What is Avascular Necrosis of the Hip?
Avascular necrosis (AVN) of the hip is a condition where the bone tissue in the ball of your hip joint dies because it loses its blood supply, eventually causing the hip joint to collapse and leading to severe arthritis if left untreated. 1
How It Happens
The bone in your hip needs constant blood flow to stay alive and healthy. When this blood supply gets interrupted or blocked, the bone cells and bone marrow die 1. Think of it like a plant that doesn't get water—it eventually withers and dies. Three main ways this happens include: 2
- Blood vessels get physically cut off (like after a hip fracture or dislocation)
- Blood vessels get clogged (similar to how arteries can get blocked in heart disease)
- Pressure builds up inside the bone that squeezes the blood vessels shut (often from fat cells getting larger) 2
Where It Affects You
The "ball" part of your hip joint (called the femoral head) is the most common location, accounting for over 75% of all AVN cases 3. However, AVN can also affect other bones in your body including your shoulder, knee, ankle, and certain bones in your hand and foot 2, 1.
What Puts You at Risk
Several factors significantly increase your chances of developing AVN: 4, 1, 5
- Steroid medications (like prednisone), especially high doses or long-term use
- Heavy alcohol consumption
- Hip injuries such as fractures or dislocations
- Sickle cell disease and other blood disorders
- High cholesterol (hyperlipidemia)
- Blood clotting disorders (hypercoagulability)

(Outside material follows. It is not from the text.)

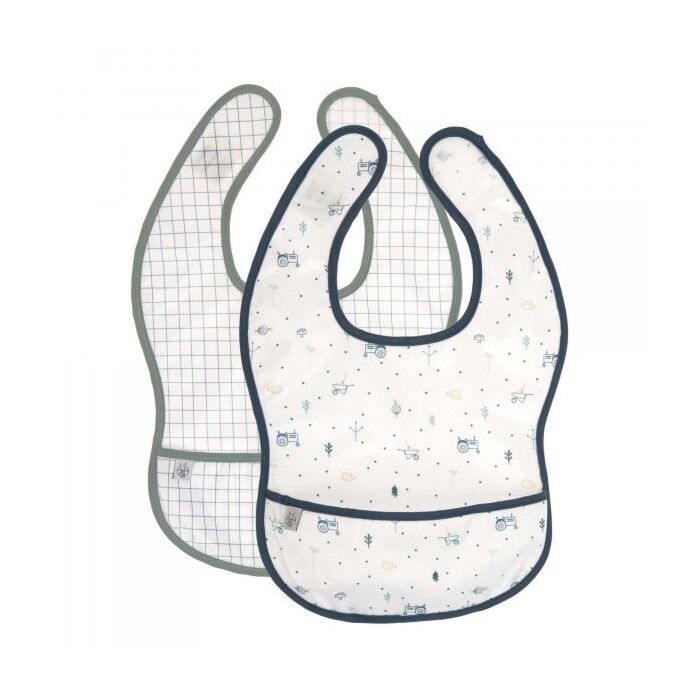 The Lässig Slab Garden Explorer Tractor comes in a convenient pack of two, designed with spill protection for young children venturing into self-feeding. The playful prints on the bibs engage hungry little ones to explore the forest and its animal inhabitants while seated at the dining table.
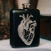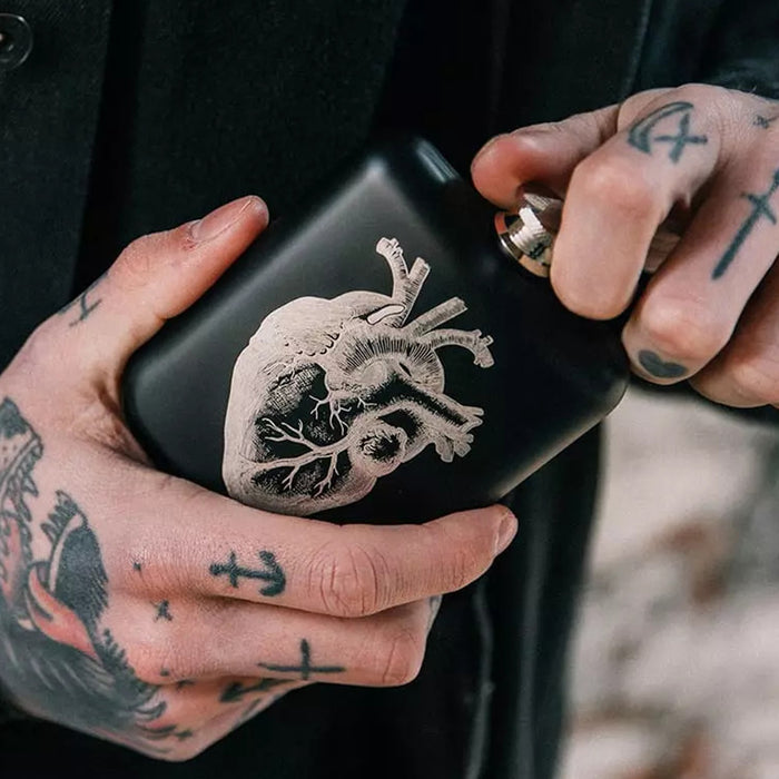 Der schwarze Stahl-Flachmann eignet sich perfekt für den Transport eines guten Tropfens und kann mit einem Drehverschluss verschlossen werden. Die Front ist mit einer Lasergravur verziert, die ein hochdetailliertes anatomisches Herz zeigt.

- HIV infection and its treatments
- Cancer treatments including chemotherapy and radiation
- Certain rare diseases like Gaucher disease
A critical fact: when AVN happens without trauma, both hips are affected 70-80% of the time, even if you only feel pain in one hip. 5
What You'll Experience
Pain is the main symptom—it typically starts gradually in your groin or buttock area and gets worse when you put weight on the hip (walking, standing, climbing stairs) 5. The pain is usually severe and doesn't improve with rest 5.
However, here's an important caveat: about 5% of people at risk have AVN that shows up on imaging tests but causes no symptoms at all 4, 1. This is why doctors sometimes screen high-risk patients even without pain.
Why Early Detection Matters
The size of the dead bone area determines your outcome. 1, 5
- If less than 30% of the femoral head is affected, only 5% of cases progress to collapse
- If 30% or more is affected, 46-83% of cases will progress to collapse 1, 5
Once the bone collapses, joint-preserving treatments no longer work, and you'll likely need a hip replacement. 1 This is particularly devastating because AVN typically affects people in their 30s to 50s—much younger than typical arthritis patients 2. In fact, AVN causes up to one-third of all hip replacements in people under age 60 4.
Additional Risk Factors for Worse Outcomes
Beyond the size of the affected area, certain factors predict faster progression: 5
- Being over 40 years old
- Body mass index over 24 kg/m²
- Fluid around the joint (joint effusion)
- Swelling in the bone marrow around the dead area
The Bottom Line
Without treatment, AVN inevitably leads to early severe arthritis and joint destruction. 4 The key is catching it early—before the bone surface collapses—when treatments can still preserve your natural hip joint. Once you have symptoms, the disease process is already underway, which is why screening high-risk patients before symptoms develop is so important 5.